For each type of memorized information text, the text is divided into fixed-length segments. These segments are converted into vector representations on the basis of a vector database for subsequent efficient vector-based retrieval using FAISS. The specific formalization is:

First a piece of text is sliced and divided into n segments T = {S₁, S₂,…, S_N} each of which is of length Each segment is of length n. For each text fragment, this research uses CoIBERT [10] as the encoder model to pre-code it into a vector representation, and its vector representation can be expressed in Equation 1: 1 $v_{i} = E (S_{i}) = {v_{i}^{0}, v_{i}^{1}, \dots, v_{i}^{m}}, v_{i} \in ℝ^{d}$

Where E is the function used to convert text segment into vectors, and v_i is the first i vector representation of the text fragment, i ∈ (1, m). Store all the fragment vectors in a shared vector database for subsequent retrieval.

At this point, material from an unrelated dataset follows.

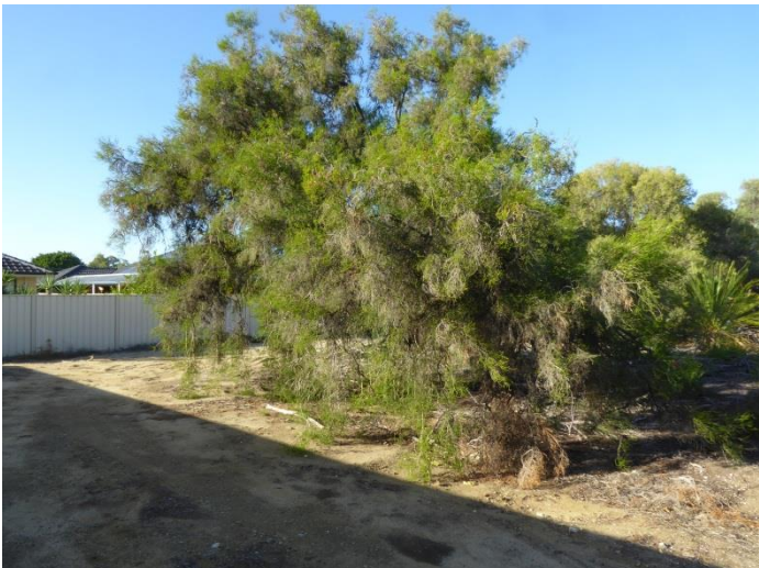
Below – With the Brazilian Peppers removed, the Melaleucas can start to reclaim the land.

The vector database as the basis of the whole VIMBank is mapped to the vectorized representation of each text using vector indexing, which is able to capture the semantic information of the text by mapping the text to a high-dimensional vector space, but the vector indexing approach is not able to support fast keyword matching, and when the LLM recalls the long-term memory information, on the one hand, the semantic information is very important, and on the other hand, the precision against the keyword matching to the historical memory information should also be captured. As a result, VIMBank needs to use Elasticsearch technology to map text segments and store them as sparse vectors, create an index for each keyword, and record all documents containing the keyword to realize fast processing and precise matching of large amounts of text data.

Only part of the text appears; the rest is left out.